Constructing decision tree using training data...

🌳 Decision tree construction completed using PYTORCH!

📊 OVERALL PERFORMANCE METR

# Analysis and Insights

## Performance Comparison

### Accuracy: Overall classification accuracy



* mushrooms.csv = 1.0000 (100.00%)
* tictactoe.csv = 0.8936 (89.36%)
* Nursery.csv = 0.9867 (98.67%)




### Precision: True positives / (True positives + False positives)

**Weighted**
* mushrooms.csv = 1.0000
* tictactoe.csv = 0.8930
* Nursery.csv = 0.9876

**Macro**
* mushrooms.csv = 1.0000
* tictactoe.csv = 0.8846
* Nursery.csv = 0.7604


### Recall: True positives / (True positives + False negatives)

**Weighted**
* mushrooms.csv = 1.0000
* tictactoe.csv = 0.8936
* Nursery.csv = 0.9867

**Macro**
* mushrooms.csv = 1.0000
* tictactoe.csv = 0.8846
* Nursery.csv = 0.7654


### F1-Score: Harmonic mean of precision and recall

**Weighted**
* mushrooms.csv = 1.0000
* tictactoe.csv = 0.8932
* Nursery.csv = 0.9872

**Macro**
* mushrooms.csv = 1.0000
* tictactoe.csv = 0.8816
* Nursery.csv = 0.7628


### **Insights**


*   Mushrooms dataset is perfectly classified
*   Nursery also performs extremely well in weighted metrics but macro metrics drop which implies that some classes are harder to predict for than others.
*  Tic-Tac-Toe has the lowest performance which implies the patterns are harder to generalize.



## Tree Characteristics Analysis

###  Tree Depth: Maximum depth of the constructed trees


* mushrooms.csv = 4
* tictactoe.csv = 7
* Nursery.csv = 7


### Number of Nodes: Total nodes in each tree

* mushrooms.csv = 59
* tictactoe.csv = 306
* Nursery.csv = 992

### Most Important Features: Attributes selected as root and early splits

* mushrooms.csv = 46
* tictactoe.csv = 196
* Nursery.csv = 710

### Tree Complexity: Relationship between tree size and dataset characteristics

* mushrooms.csv = 13
* tictactoe.csv = 110
* Nursery.csv = 282

### **Insights**


*   Mushrooms: It is a very Simple and Shallow tree.

*  Tic-Tac-Toe: It is a Deeper Tree with a larger size needed to capture the game logic.

*  Nursery: It is a very large tree and naturally the  complexity increases with this dataset.



## Dataset-Specific Insights

### Mushrooms

* Feature Importance: (Odor, spore-print-color, bruises) dominate in comparison to other columns.

* Class Distribution: Balanced.

* Decision Patterns: Early splits around odor.

* Overfitting Indicators: None since its a simple tree with perfect accuracy

### Tic-Tac-Toe

* Feature Importance: Middle squares (middle-middle-square) dominate since central positions are most decisive.

* Class Distribution: Balanced.

* Decision Patterns: Requires multiple splits to capture win conditions.

* Overfitting Indicators: Moderate tree depth; generalizes reasonably.

### Nursery

* Feature Importance:(Parents, has_nurs, form) are critical splits.

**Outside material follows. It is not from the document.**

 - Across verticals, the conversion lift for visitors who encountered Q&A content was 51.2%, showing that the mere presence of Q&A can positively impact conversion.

* Class Distribution: Imbalanced -inferred from differing macro and weighted average values

* Decision Patterns: Complex, with many deep splits.

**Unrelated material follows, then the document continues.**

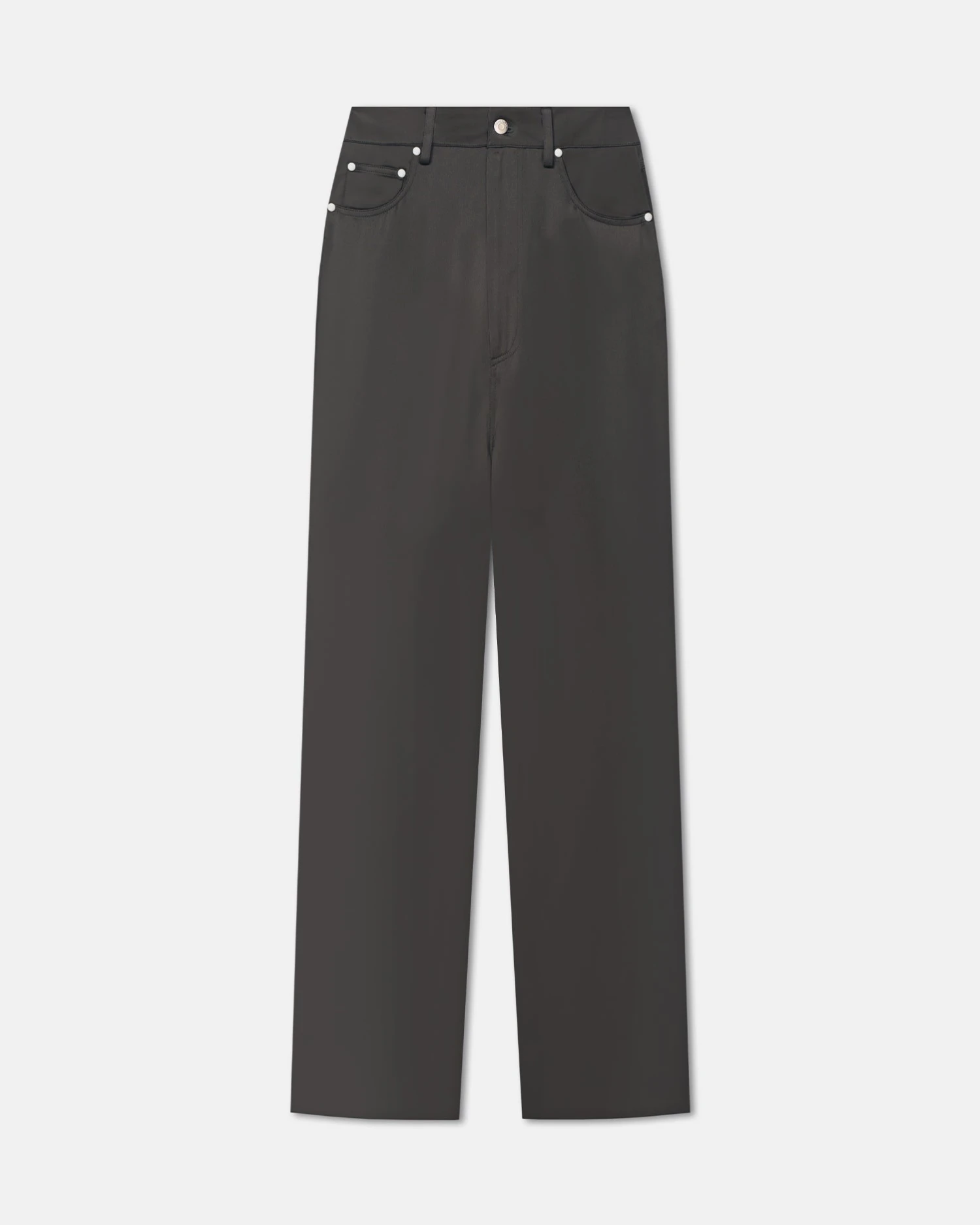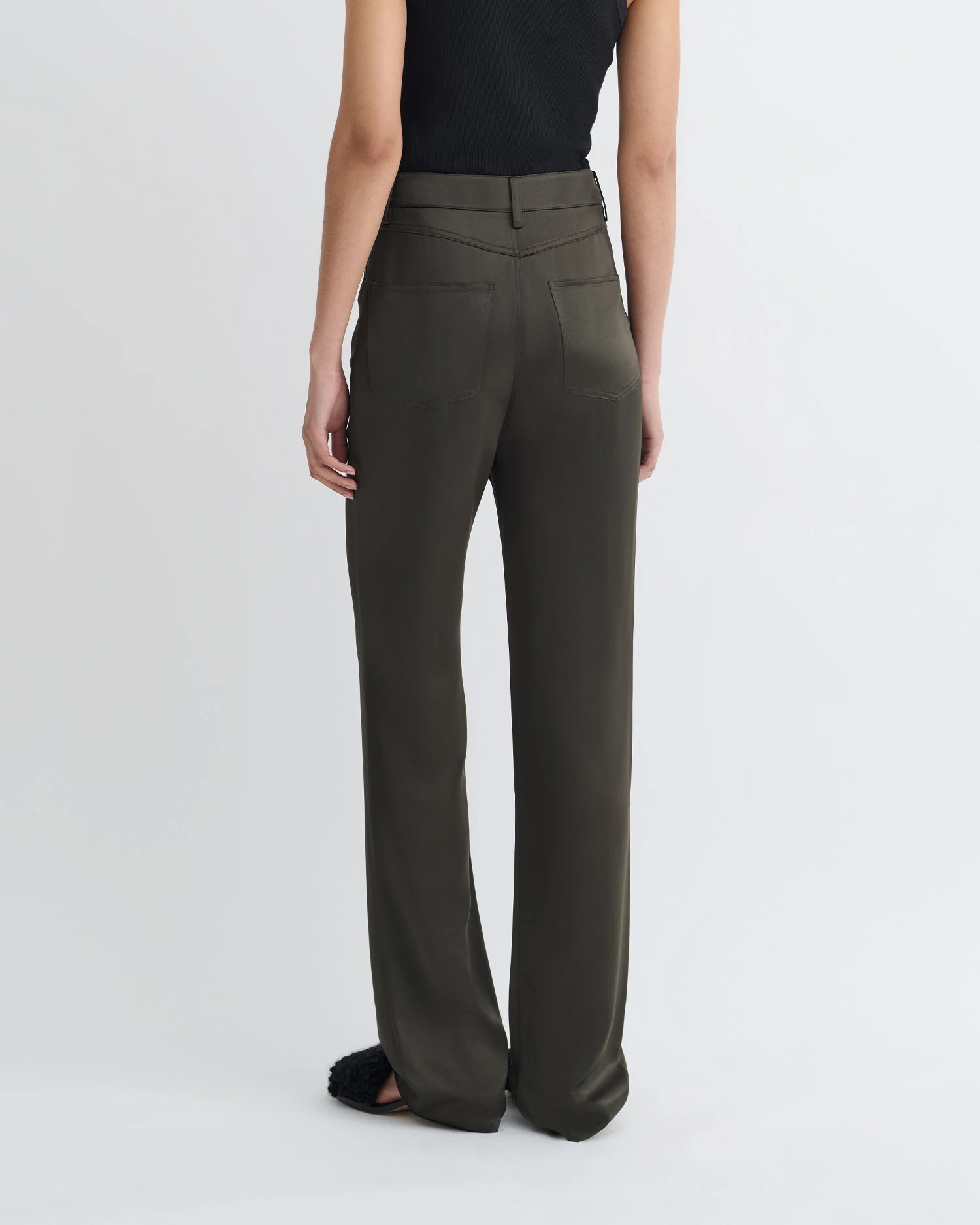 The Tita pants are made from our slip satin in dark green. Relaxed yet refined, they have a classic 5-pocket design. Wear yours with the matching Nathalie shirt.

* Overfitting Indicators: overfitting minority classes.

## Comparative Analysis Report

### Algorithm Performance



*   Highest Accuracy-Mushrooms because certain features directly map to desired output
*   Nursery is the Largest dataset and it also gives us the most complex decision tree. So I conclude that dataset size is proportional to complexity(i.e larger the dataset more complex the decision tree).
* More features imply more nodes



### Data Characteristics Impact

* We see that Nursery datset has a high class imbalance as inferred from the differing macro and weighted values of the dataset.It leads to more nodes being needed and an increased complexity.
* Binary features as seen in Mushroom datatset lead to cleaner splits and since it gives us the most accuracy amongst all the dataset we infer that Binary is better than multi-values features.
* Shallow trees are more interpretable than larger trees.

### Practical Applications




*   Mushrooms datset could be used in medical,food safety applications
*   Tic Tac Toe dataset could be used in reinforcement learning examples
* Nursery dataset could be used in social policy and recommendation systems.